Execution modes
GraceKelly exposes one low-level primitive and a set of higher-level patterns built on top of it. The primitive runs an explicit plan you describe; the patterns decide the plan for you. This page explains the difference so you can pick the right endpoint. Full request and response schemas live in the API reference.
Pick an endpoint
Section titled “Pick an endpoint”| You want to… | Endpoint | Group |
|---|---|---|
| Run a prompt against a plan you control (models, quorum, merge) | POST /api/v1/orchestrate | Orchestration |
| Let the service classify the prompt and pick the pattern | POST /api/v1/smart | Smart |
| Same as smart, but with the Consensus V2 engine | POST /api/v1/smart/v2 | Smart |
| Converge several attempts into one agreed answer | POST /api/v1/consensus | Consensus |
| Stress-test a claim with a Devil’s-Advocate round | POST /api/v1/debate | Debate |
| See how different models answer the same prompt | POST /api/v1/compare | Compare |
| Run one model over many prompts at once | POST /api/v1/batch | Batch |
| Trade latency for reliability without choosing a pattern | POST /api/v1/pipeline | Pipeline |
The primitive
Section titled “The primitive”orchestrate
Section titled “orchestrate”The base operation. You hand it a prompt and an explicit execution plan —
which models to use, a quorum to reach, a merge_strategy for
combining results, and flags like dry_run, reasoning, and
decompose. It executes synchronously and returns the final task
snapshot. Every higher-level pattern ultimately drives this same path.

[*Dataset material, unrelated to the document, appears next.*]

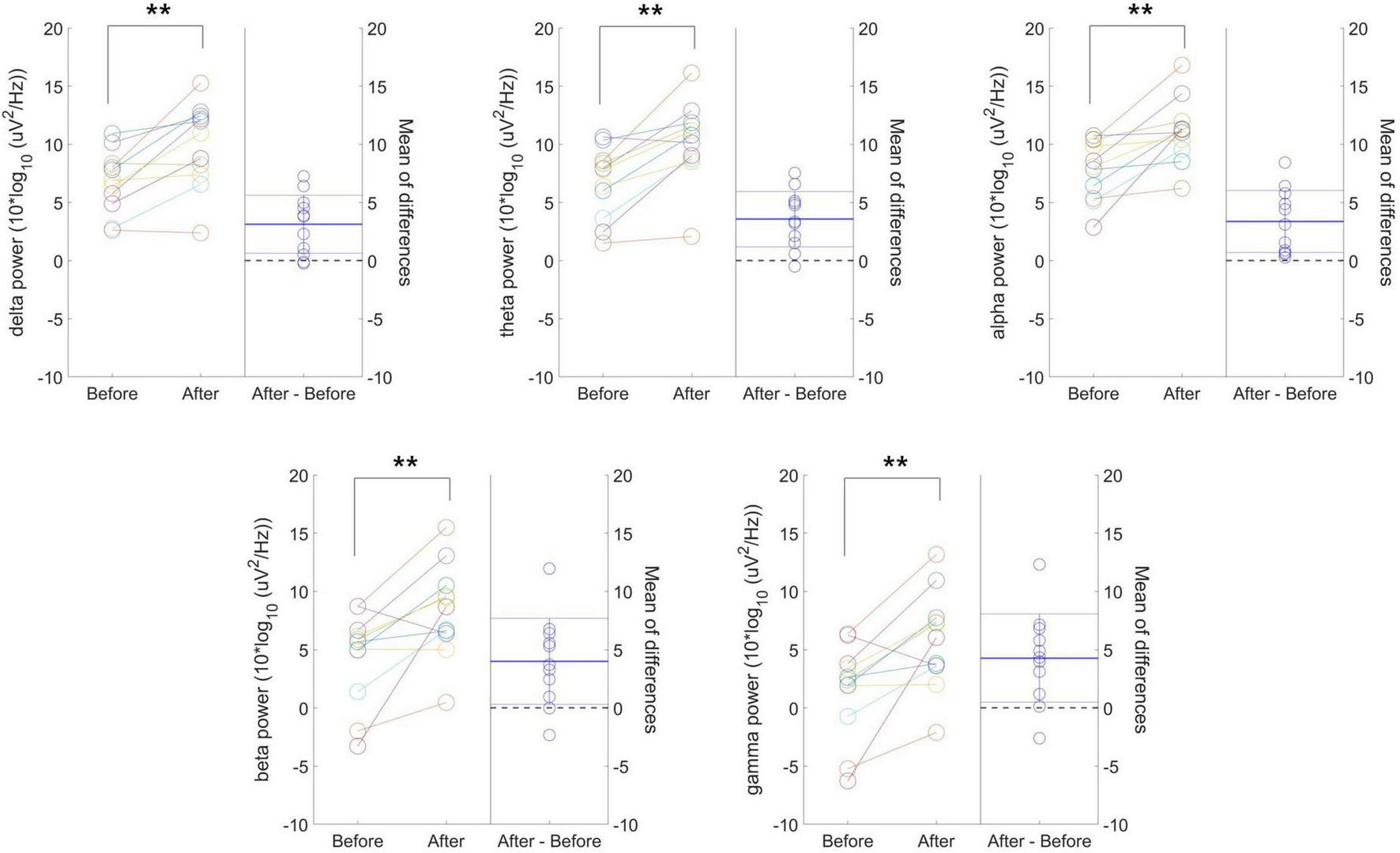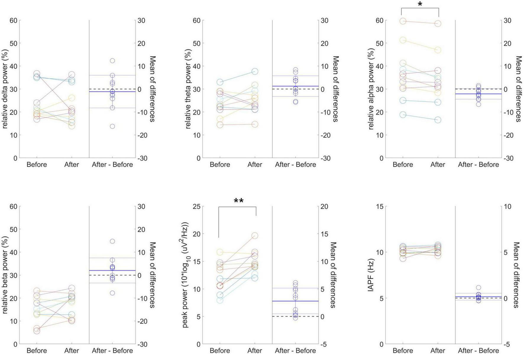 For the analysis of resting-state EEG, a finite impulse response (FIR) bandpass filter ranging from 1 to 50 Hz was applied to minimize noise in both high- and low-frequency bands. Four-second epochs were extracted, and baseline correction was performed. Epochs exceeding an amplitude of 100 μV or exhibiting high variability compared to the overall variability of all epochs were automatically identified and discarded. Artifact-free 45 epochs (3 min) were randomly selected for quantitative EEG analysis (Bae et al., 2024). The EEG power spectrum density (PSD) was calculated using the Pwelch method with a 2-s Hamming window and 50% overlap to minimize distortions at signal boundaries. Absolute powers were computed for the following five frequency bands: delta (1–4 Hz), theta (4–8 Hz), alpha (8–13 Hz), beta (13–30 Hz), and gamma (30–50 Hz). Relative powers for the delta, theta, alpha, and beta bands were calculated as relative delta, theta, alpha, and beta power, respectively, based on the 1–30 Hz range. Peak power was identified as the maximum spectral power within the frequency range of 6.5–14.5 Hz, and individual alpha peak frequency (IAPF) was measured within 7–14 Hz to identify the center of gravity frequency, minimizing sensitivity to noise (Christie et al., 2017). In addition, average PSD plots for the considered frequency bands were obtained both before and after tVAS stimulation for visual comparison.

Reach for it when you already know exactly how a request should run and
want no routing decisions made for you. The streaming variant
(orchestrate/stream) emits incremental events, and orchestrate/upload
accepts file attachments.
The patterns
Section titled “The patterns”These endpoints decide the plan for you, each optimising for a different goal.
smart and smart/v2 — automatic routing
Section titled “smart and smart/v2 — automatic routing”smart classifies the prompt, assesses its complexity, and selects the
execution pattern itself: a single call, Consensus V1, a role-based
approach, or decomposition into subtasks. smart/v2 behaves the same but
swaps in the Consensus V2 engine when consensus is needed —
agglomerative (HAC) clustering, cross-pollination between attempts,
debate rounds, and explicit divergence handling.

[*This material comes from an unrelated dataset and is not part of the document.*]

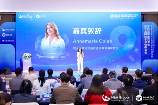 H&H SAC作为健合集团旗下科研学术创新平台,在本次大会中充分展现了强大的国内外高校、科研院所、协会及国际权威资源优势。联合国教科文组织健康教育讲席教授Annamaria Colao通过视频表达了对于与H&H SAC成功合作的喜悦。她表示,过去与H&H SAC共同推进了近十项深入的科学倡议,并将研究成果成功转化为实际应用,未来双方将继续合作,携手建立精准营养的代际标准,为全家庭健康注入科学动能。

Use smart as the default front door when you do not want to think about
patterns. Use smart/v2 when answer quality on hard, ambiguous prompts
matters more than latency.
consensus — converge on one answer
Section titled “consensus — converge on one answer”Generates several response variations per round, clusters them by semantic similarity, and iterates until the top cluster reaches the consensus target. The output is the answer the model agrees with itself on most often.
Use it to suppress one-off hallucinations and sampling noise on factual or analytical prompts.
debate — adversarial refinement
Section titled “debate — adversarial refinement”Produces an initial position, then runs a structured round: a Devil’s-Advocate challenge, a defense, and an improved final response. The answer is pressure-tested rather than averaged.
Use it for claims, recommendations, and decisions where the failure mode is confident-but-wrong, not noisy.
compare — side-by-side
Section titled “compare — side-by-side”Runs the same prompt on each requested model concurrently and returns
every answer. With analyze=true and at least two successes, an extra
call summarises where the models agree and differ.
Use it to evaluate models against each other, or to surface disagreement as a signal in its own right.
batch — throughput
Section titled “batch — throughput”Runs a single model over up to 20 prompts in parallel, returning per-prompt success or failure. This is the breadth tool, not a quality tool.
pipeline — reliability dial
Section titled “pipeline — reliability dial”Runs a prompt through a pattern chosen from a reliability level rather
than a named strategy. Set multi_model=true to fan out across all
configured API providers and aggregate the results.
Use it when you want to ask for “more reliable” or “faster” without committing to a specific pattern.
How a request flows
Section titled “How a request flows”Regardless of the entry point, work converges on the orchestrator, which resolves an adapter per model, applies circuit-breaker and budget policy, and assembles the result — see the architecture overview for the request lifecycle diagram and the execution adapters that actually talk to each provider.